__Data supplied__.
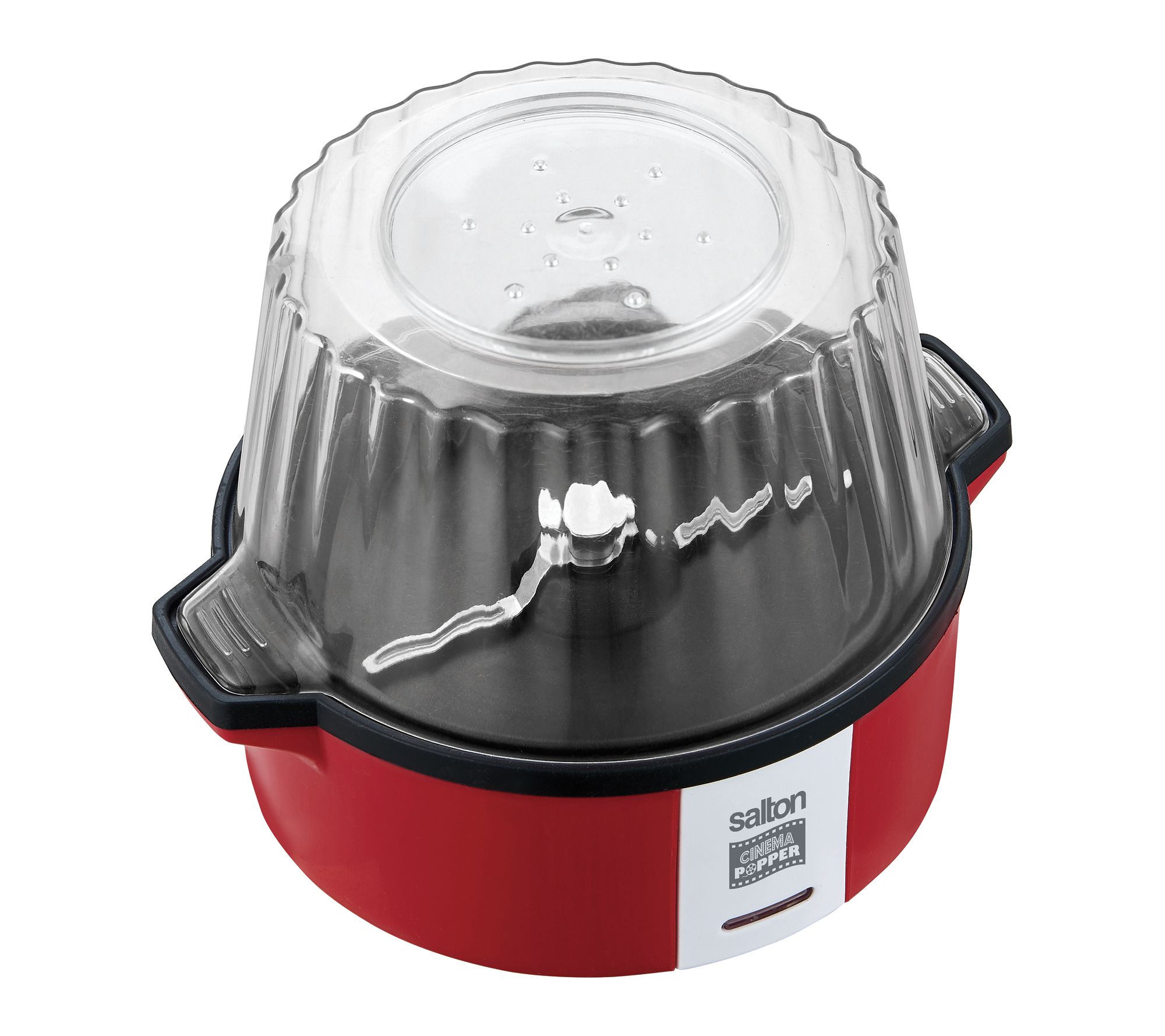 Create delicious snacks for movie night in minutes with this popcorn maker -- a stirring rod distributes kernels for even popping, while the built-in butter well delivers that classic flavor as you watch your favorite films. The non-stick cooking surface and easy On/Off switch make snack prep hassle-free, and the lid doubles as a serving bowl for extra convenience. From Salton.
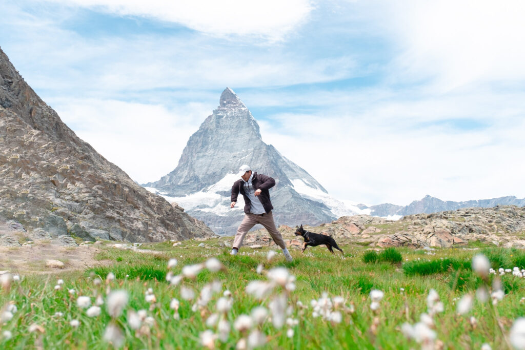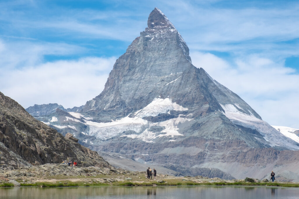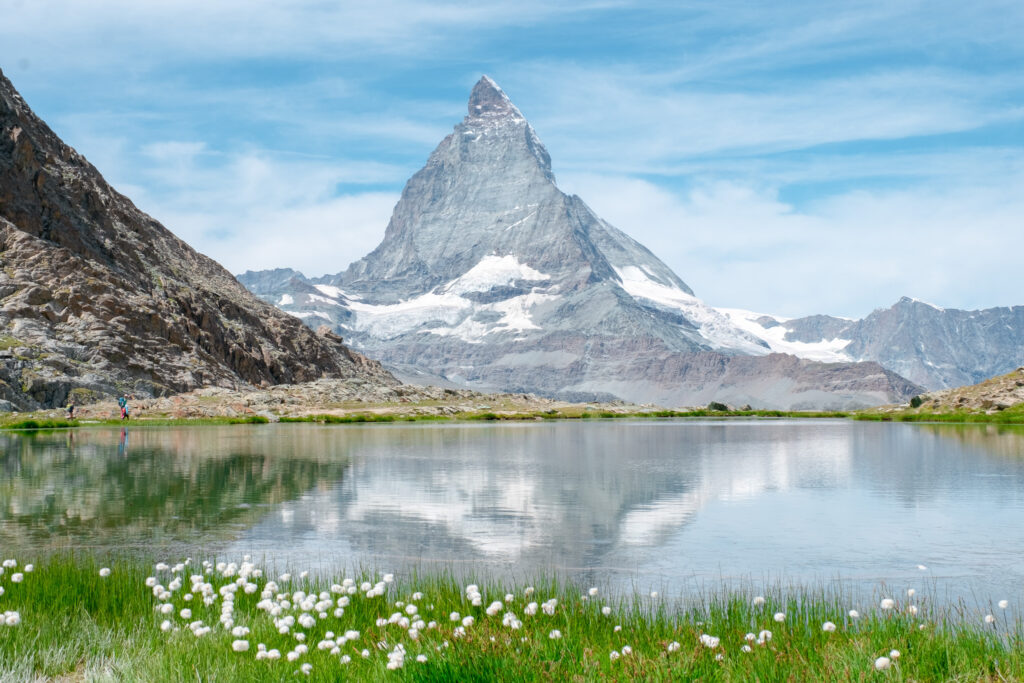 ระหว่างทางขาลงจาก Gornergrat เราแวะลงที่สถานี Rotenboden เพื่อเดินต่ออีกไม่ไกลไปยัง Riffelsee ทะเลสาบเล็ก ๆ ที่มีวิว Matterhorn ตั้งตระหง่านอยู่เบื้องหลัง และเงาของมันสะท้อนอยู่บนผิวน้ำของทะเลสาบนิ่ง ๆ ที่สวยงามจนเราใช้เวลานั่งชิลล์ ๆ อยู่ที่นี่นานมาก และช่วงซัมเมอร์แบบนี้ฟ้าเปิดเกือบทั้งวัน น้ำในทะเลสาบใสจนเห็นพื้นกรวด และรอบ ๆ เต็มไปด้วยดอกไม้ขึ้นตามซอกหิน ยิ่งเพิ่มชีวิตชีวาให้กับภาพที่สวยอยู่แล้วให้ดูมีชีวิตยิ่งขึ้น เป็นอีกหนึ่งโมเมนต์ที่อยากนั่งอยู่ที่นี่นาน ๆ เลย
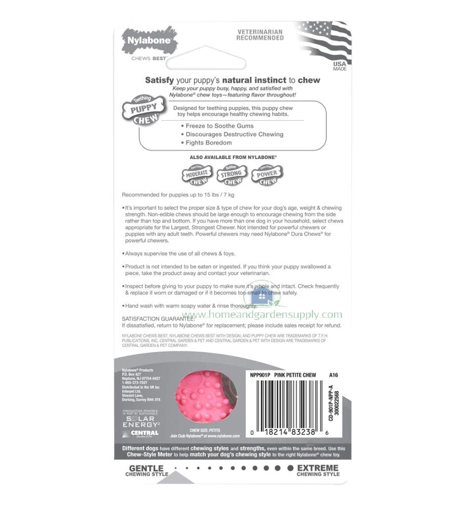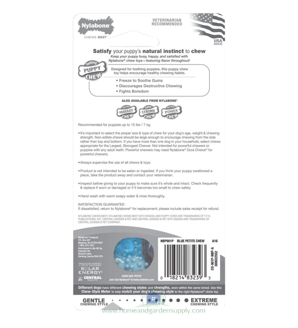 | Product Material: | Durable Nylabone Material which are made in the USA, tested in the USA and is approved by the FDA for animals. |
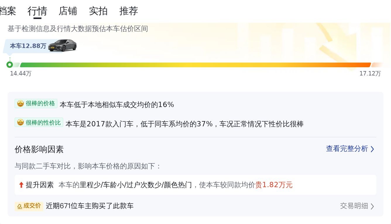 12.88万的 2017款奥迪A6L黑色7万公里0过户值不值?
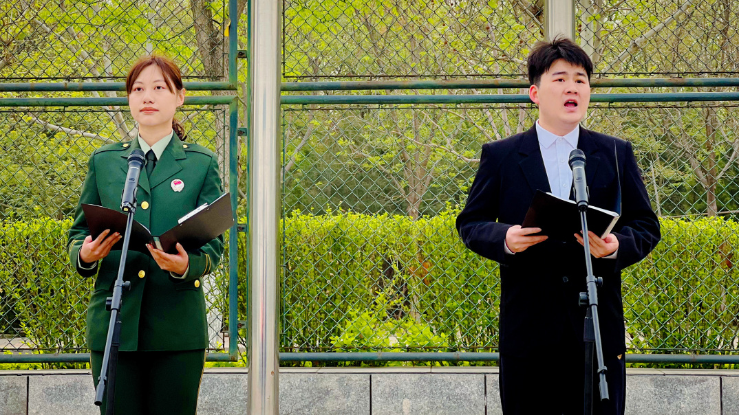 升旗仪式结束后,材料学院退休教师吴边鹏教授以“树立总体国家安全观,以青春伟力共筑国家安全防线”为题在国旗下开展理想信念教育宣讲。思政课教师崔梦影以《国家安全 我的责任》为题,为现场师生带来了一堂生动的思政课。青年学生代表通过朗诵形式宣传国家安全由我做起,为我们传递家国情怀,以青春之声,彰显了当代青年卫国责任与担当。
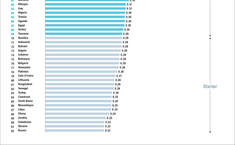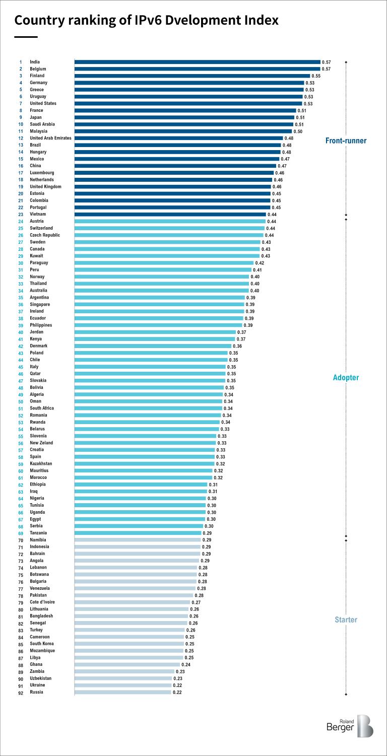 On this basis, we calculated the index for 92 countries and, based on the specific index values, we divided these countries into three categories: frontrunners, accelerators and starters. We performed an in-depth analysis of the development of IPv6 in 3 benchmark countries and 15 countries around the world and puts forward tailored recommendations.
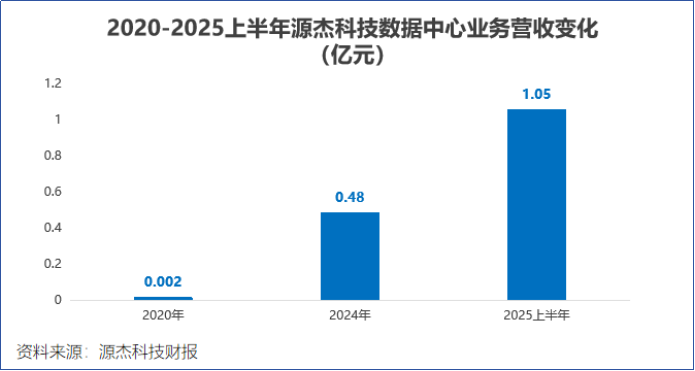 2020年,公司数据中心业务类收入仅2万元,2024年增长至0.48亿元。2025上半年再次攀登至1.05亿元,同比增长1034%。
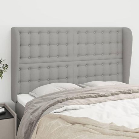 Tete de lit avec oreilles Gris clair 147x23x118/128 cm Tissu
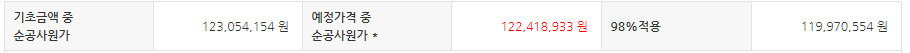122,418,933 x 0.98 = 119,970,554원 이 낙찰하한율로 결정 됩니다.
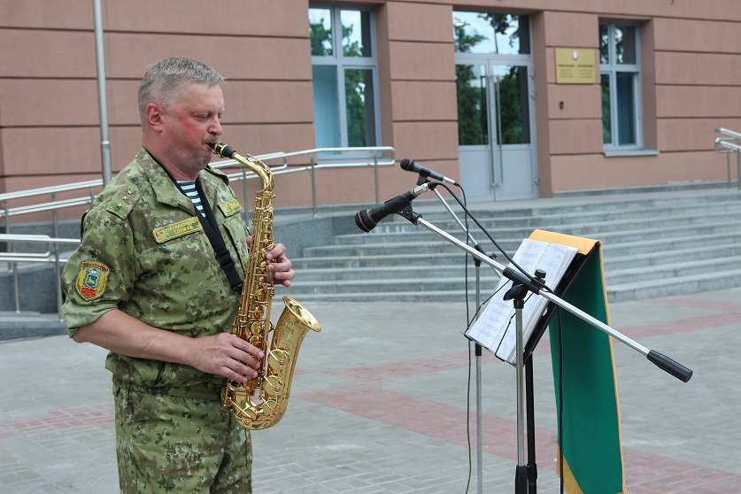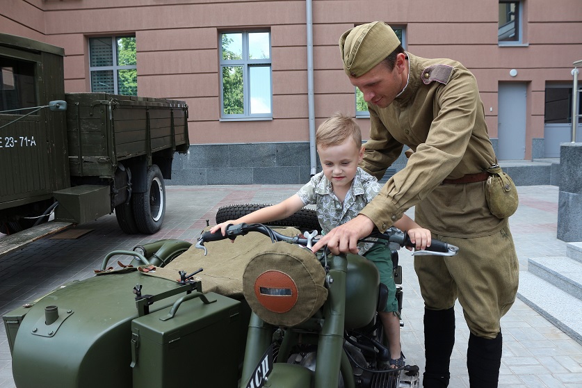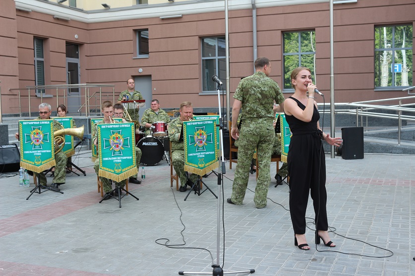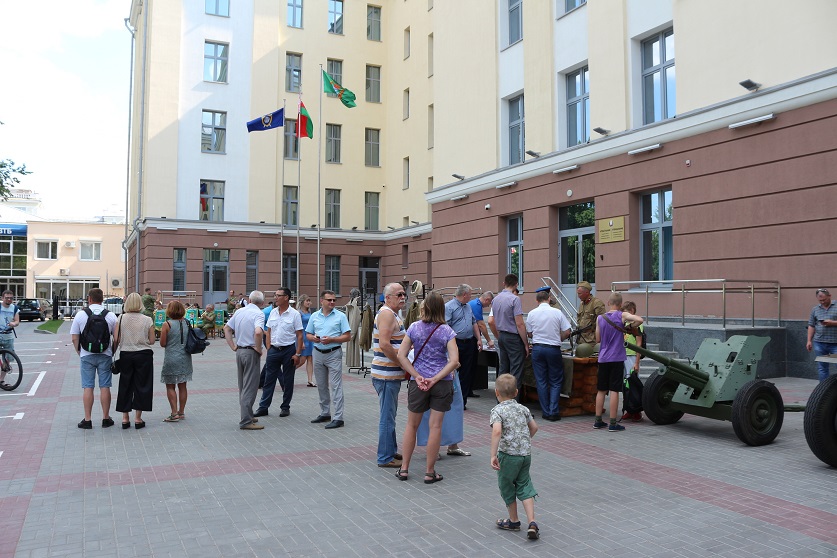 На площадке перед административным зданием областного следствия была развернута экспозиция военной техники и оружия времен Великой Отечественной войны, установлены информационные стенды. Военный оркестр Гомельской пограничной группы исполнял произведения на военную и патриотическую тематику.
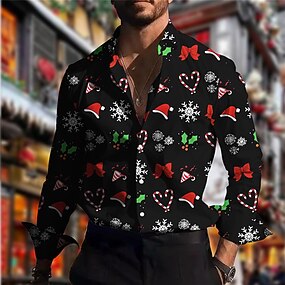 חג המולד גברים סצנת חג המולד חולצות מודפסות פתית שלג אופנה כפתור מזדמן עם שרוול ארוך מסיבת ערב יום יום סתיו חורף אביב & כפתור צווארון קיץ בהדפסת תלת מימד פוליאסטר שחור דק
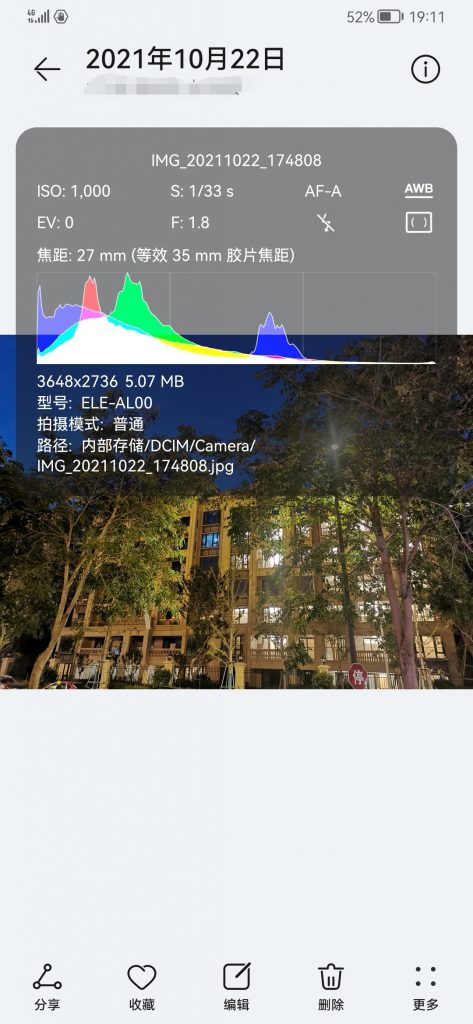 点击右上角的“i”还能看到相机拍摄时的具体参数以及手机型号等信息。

__To do__.
Return the material verbatim; the images are not to appear in the copy.

__Written solution__.
 Create delicious snacks for movie night in minutes with this popcorn maker -- a stirring rod distributes kernels for even popping, while the built-in butter well delivers that classic flavor as you watch your favorite films. The non-stick cooking surface and easy On/Off switch make snack prep hassle-free, and the lid doubles as a serving bowl for extra convenience. From Salton.
 ระหว่างทางขาลงจาก Gornergrat เราแวะลงที่สถานี Rotenboden เพื่อเดินต่ออีกไม่ไกลไปยัง Riffelsee ทะเลสาบเล็ก ๆ ที่มีวิว Matterhorn ตั้งตระหง่านอยู่เบื้องหลัง และเงาของมันสะท้อนอยู่บนผิวน้ำของทะเลสาบนิ่ง ๆ ที่สวยงามจนเราใช้เวลานั่งชิลล์ ๆ อยู่ที่นี่นานมาก และช่วงซัมเมอร์แบบนี้ฟ้าเปิดเกือบทั้งวัน น้ำในทะเลสาบใสจนเห็นพื้นกรวด และรอบ ๆ เต็มไปด้วยดอกไม้ขึ้นตามซอกหิน ยิ่งเพิ่มชีวิตชีวาให้กับภาพที่สวยอยู่แล้วให้ดูมีชีวิตยิ่งขึ้น เป็นอีกหนึ่งโมเมนต์ที่อยากนั่งอยู่ที่นี่นาน ๆ เลย
 | Product Material: | Durable Nylabone Material which are made in the USA, tested in the USA and is approved by the FDA for animals. |
 12.88万的 2017款奥迪A6L黑色7万公里0过户值不值?
 升旗仪式结束后,材料学院退休教师吴边鹏教授以“树立总体国家安全观,以青春伟力共筑国家安全防线”为题在国旗下开展理想信念教育宣讲。思政课教师崔梦影以《国家安全 我的责任》为题,为现场师生带来了一堂生动的思政课。青年学生代表通过朗诵形式宣传国家安全由我做起,为我们传递家国情怀,以青春之声,彰显了当代青年卫国责任与担当。
 On this basis, we calculated the index for 92 countries and, based on the specific index values, we divided these countries into three categories: frontrunners, accelerators and starters. We performed an in-depth analysis of the development of IPv6 in 3 benchmark countries and 15 countries around the world and puts forward tailored recommendations.
 2020年,公司数据中心业务类收入仅2万元,2024年增长至0.48亿元。2025上半年再次攀登至1.05亿元,同比增长1034%。
 Tete de lit avec oreilles Gris clair 147x23x118/128 cm Tissu
122,418,933 x 0.98 = 119,970,554원 이 낙찰하한율로 결정 됩니다.
 На площадке перед административным зданием областного следствия была развернута экспозиция военной техники и оружия времен Великой Отечественной войны, установлены информационные стенды. Военный оркестр Гомельской пограничной группы исполнял произведения на военную и патриотическую тематику.
 חג המולד גברים סצנת חג המולד חולצות מודפסות פתית שלג אופנה כפתור מזדמן עם שרוול ארוך מסיבת ערב יום יום סתיו חורף אביב & כפתור צווארון קיץ בהדפסת תלת מימד פוליאסטר שחור דק
 点击右上角的“i”还能看到相机拍摄时的具体参数以及手机型号等信息。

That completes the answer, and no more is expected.